How to cut a new openbadgeslib release: bump the version in the source, update the changelog, tag, and let CI publish to PyPI. This is for maintainers; see Contributing for the day-to-day development workflow.

Where the version lives

The version is declared in three places that must stay in sync. Bump all of them for every release:

  • pyproject.toml — the [project] version field (currently version = "1.1.1").
  • openbadgeslib/util.py — the __version__ string (currently __version__ = '1.1.1').
  • docs/conf.py — the Sphinx docs version.

There is no single source of truth, so a release where these disagree will ship a wheel whose metadata and __version__ differ. Double-check all three.

Release steps

Replace X.Y.Z with the new version throughout.

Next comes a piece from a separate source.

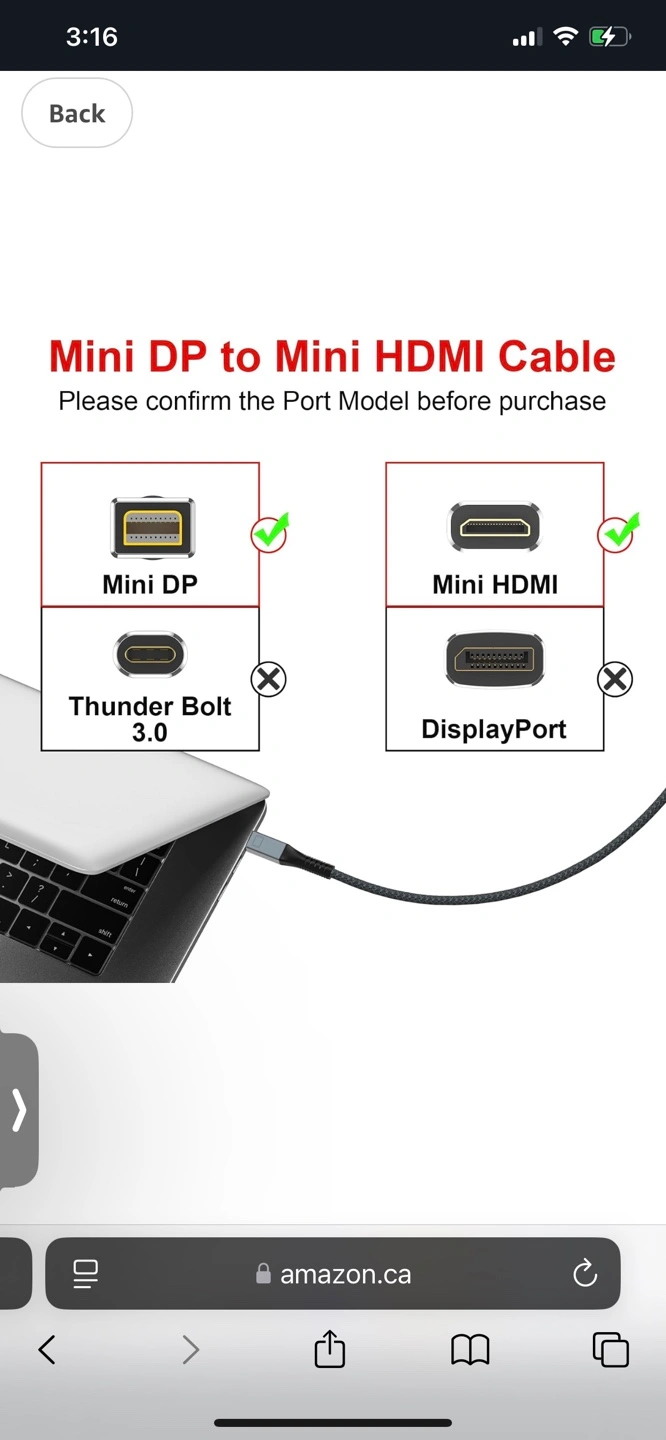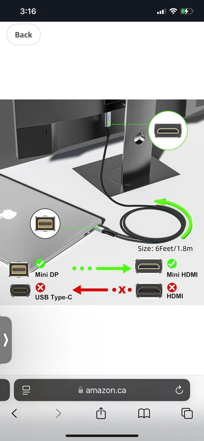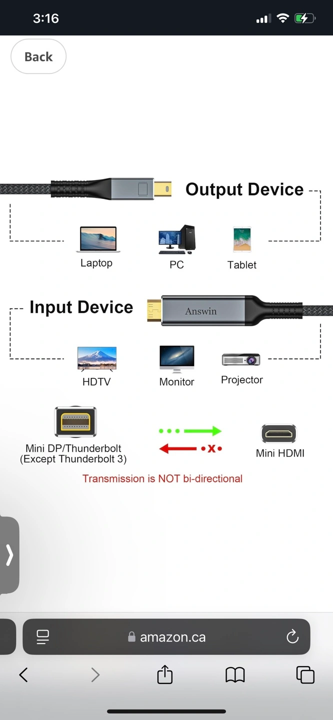 6-foot cable. Connects Mini DisplayPort (except Thunderbolt 3) to Mini HDMI. Compatible with laptops, PCs, tablets, HDTVs, monitors, and projectors. Mirror or extended mode. Transmission is not bi-directional.

  1. Bump the version in the three files above.

    # edit each, then sanity-check they all match
    grep -n 'version' pyproject.toml | head
    python -c "import openbadgeslib.util as u; print(u.__version__)"
  2. Add a Changelog.txt entry. Entries are newest-first; follow the existing format (* vX.Y.Z - YYYYMMDD header, then dash-prefixed bullets, with SECURITY: markers on security-relevant lines):

    * vX.Y.Z - 20260627
    
      - Short description of each change.
    

    Mirror the user-facing highlights in README.txt and docs/intro.rst so the landing page and the changelog don't drift.

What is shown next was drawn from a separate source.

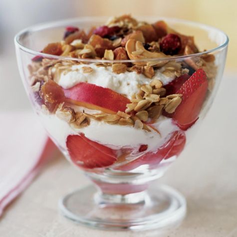 With a batch of granola ready, it takes only minutes to prepare this easy breakfast dish. You can substitute whole blackberries or blueberries for the strawberries and sliced peaches for the nectarines.

  3. Run the checks locally before tagging — CI runs the same flake8 + pytest gate (see Contributing):

    pip install -e ".[dev]"
    flake8 openbadgeslib tests
    pytest --cov=openbadgeslib --cov-report=term-missing
  4. Commit the version bump and changelog:

    git add pyproject.toml openbadgeslib/util.py docs/conf.py Changelog.txt README.txt docs/intro.rst
    git commit -m "Release vX.Y.Z"
    git push origin master
  5. Tag the release with an annotated tag and push it:

    git tag -a vX.Y.Z -m "openbadgeslib vX.Y.Z"
    git push origin vX.Y.Z
  6. Create the GitHub Release. Draft a Release for the vX.Y.Z tag (Releases → Draft a new release, or gh release create) and Publish it. Publishing — not merely tagging — is what triggers the upload to PyPI.

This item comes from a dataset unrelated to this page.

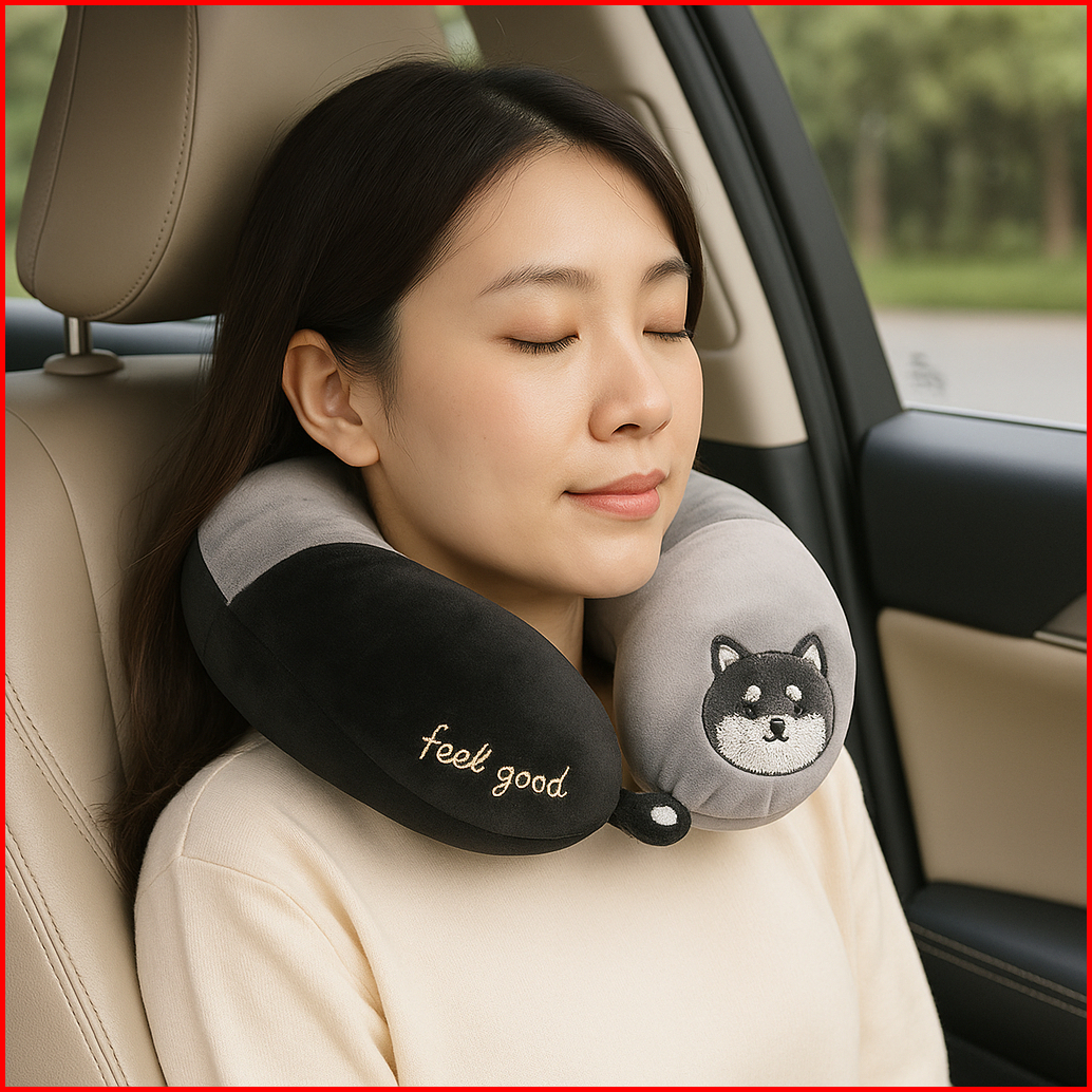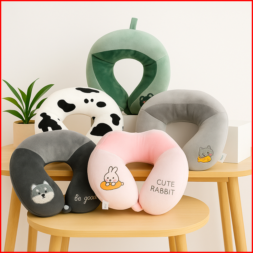 Bantal Leher Lucu Berbentuk Tidur Siang Mewah Busa Travel Portabel Mobil Pesawat Kantor Neck Pillow

    gh release create vX.Y.Z --title "vX.Y.Z" --notes-file -

What CI does

The workflow is .github/workflows/ci.yml. It has two jobs:

  • test runs on every push to master and every pull request, across the Python 3.10, 3.11, 3.12, and 3.13 matrix (fail-fast: false). Each leg installs ".[dev]", runs flake8 openbadgeslib tests, then pytest --cov.
  • publish runs only when a GitHub Release is published (if: github.event_name == 'release') and needs: test, so it runs only if the whole test matrix passed. It builds the sdist and wheel with python -m build and uploads them to PyPI via pypa/gh-action-pypi-publish.
publish:
  needs: test
  if: github.event_name == 'release'

This means: tagging alone does nothing; pushing a tag without a published Release does nothing; and a Release whose tests fail will not publish.

The PyPI token

The publish job authenticates with secrets.PYPI_API_TOKEN:

- name: Publish to PyPI
  uses: pypa/gh-action-pypi-publish@release/v1
  with:
    password: ${{ secrets.PYPI_API_TOKEN }}

This must exist as a repository (or environment) secret named PYPI_API_TOKEN, holding a PyPI API token scoped to the openbadgeslib project. If it is missing or expired the upload step fails even when every test passes. Rotate it in PyPI and update the GitHub secret when needed — the token never lives in the repo.

Post-release checklist

  • Confirm the publish job is green in the Actions tab.
  • Confirm the new version appears on PyPI and installs cleanly: pip install openbadgeslib==X.Y.Z.
  • Confirm python -c "import openbadgeslib.util as u; print(u.__version__)" reports X.Y.Z from the published wheel.